Bu sözcük "kabul etmeme, geri çevirmek" anlamındaki "ر د د redd" sözcüğü türevlerinden إفتعالiftiâl babından mastar olup Kalıp anlamı " bir etki ile reddetme, geri çevirmek" demektir. Bunun isim hali " الردةridde"dir.
Terim olarak ise; "Bir Müslümanın İslâm dinini terk etmesine veya başka bir dine dönmesine" denilmektedir. Hak dinden dönen kimseye de " المرتدmürted" denir.
Sözcüğün kalıp anlamı dikkate alındığında, dinden dönme olayının hariçteki bir etki ile yapıldığı anlamı vardır. Yani akıllı, objektif olan birisinin kendisinin böyle bir şey yapmayacağını; bunu ancak bir başkasının etkisiyle yapabileceği anlamı vardır.
Allah, insana temyiz yetisini verdikten sonra elçi gönderip kitap indirerek doğruyu da göstermiş ve kişiyi özgür iradesiyle baş başa bırakmıştır. Kimse Müslüman olmaya zorlanamaz.
Bakara/256, İnsan/2, 3, Yûnus/99, Kehf/29, İnsan/29, En'âm/35, 104-107, 149; Ra'd/31; Şu'arâ/3-4; Hûd/15, 28; Kâfirûn/6; Yûnus/99, 108; Teğâbün/2; Zümer/7, 15; Nahl/9, 36, 93, 99; Secde/13; Mâide/48; İsrâ/15, 18; Şûrâ/20, 48; Ğâşiye/21-22; Nisâ/80; Beled/10, Fussilet/40.
Ayetlerde, dinde zorlamanın/tiksindirmenin olmadığı ve olmaması gerektiği gerekçeleriyle açıklanmaktadır.
Allah, insanlara irâde ve seçme hakkı tanımıştır. İnanç bir gönül işi olduğundan insanların kalplerine nüfuz etmek ve beyinlerini kontrol etmek mümkün değildir. İnanç konusunda insanları zorlamanın, ikiyüzlü kimseler üretmekten başka bir işe yaramadığı tecrübeyle sâbittir. Ayrıca cebr/zorlama ve baskı, imtihan esprisine de aykırıdır. O nedenle Yüce Allah insanları bu konuda özgür bırakmıştır.

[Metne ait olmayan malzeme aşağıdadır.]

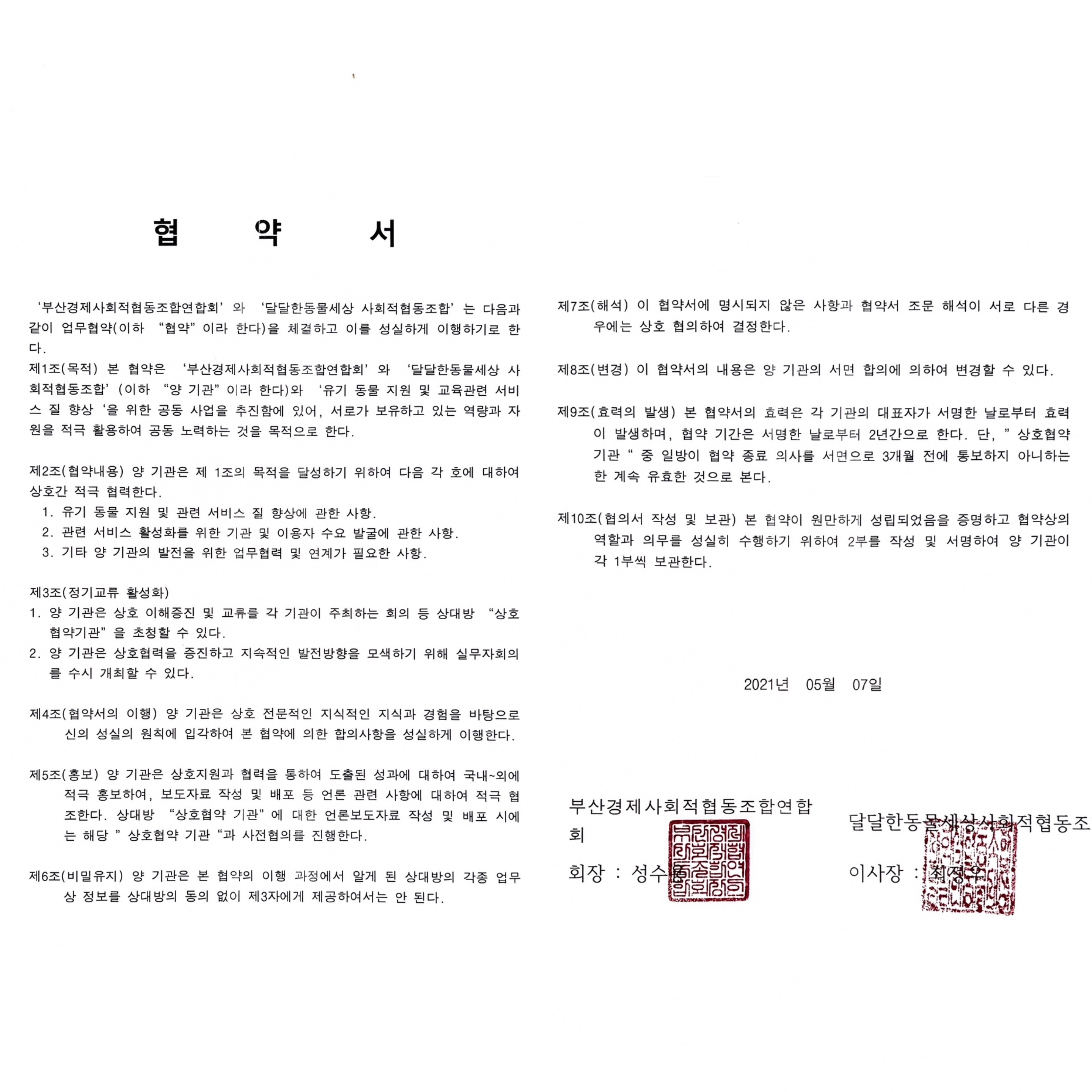 달달한동물세상 사회적협동조합은 - 부산경제사회적협동조합연합회와

Müslüman olduktan sonra akıl ve vicdanının aksi davranışla İslâm'ı terk edenlerin dünya ve ahirette karşılaşacakları tehlikeler de açıklanmıştır:
Bakara/217, Al-i Imran/83-91, 106 Nisa/ 115, 137, Maide/54, Nahl/106.

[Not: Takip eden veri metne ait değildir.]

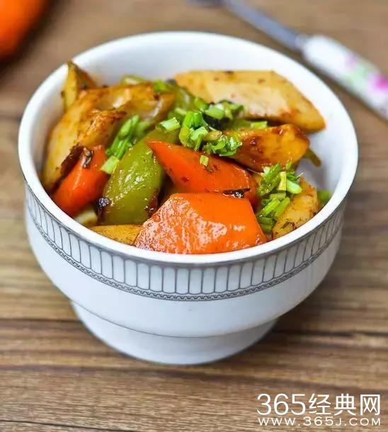 4、莲藕胡萝卜青笋去皮切滚刀块。

Bu ayetlerde Allah, ahırette cezayı göze alarak herkesin dinden dönebileceğini bildirmesine rağmen rivayetler ile dinden dönenin öldürüleceği hükmünü dine sokmuşlardır: (Buhârî, Cihad, 148, İ'tisâm, 28, Buhârî, Diyât, 6, Kasâme, 25, 26). (Ebû Dâvud, Zekât, l), (Ebû Dâvud, Cihâd, 90)
Tekfir Bazı Müslümanlar, kendi din anlayışlarına uymayan bir anlayış ve inancın sahiplerini hemen tekfîr edip hemen kâfir damgasını basıyorlar.
Bu hususta unutulmaması ve uyulması gereken ilkeler vardır. Öz olarak:
- Lüzûm-i küfür değil, iltizâm-ı küfür küfrü gerektirir.
- Te'vil, tekfiri gerektirmez.
- Tekfir kararı, şahıslara bırakılmış değildir. Herkes önüne gelene kâfir, müşrik, mürted damgası vuramaz. Bu konuda İslâm mahkemesi karar verir. Bu yetkiyi şahıslar kullanamazlar.
İrtidat ve mürted konusu ile ilgili rivayetler esas alınarak yüzlerce hüküm ortaya konulmuştur. Esas olan ise Kur'an'daki hükümlerdir.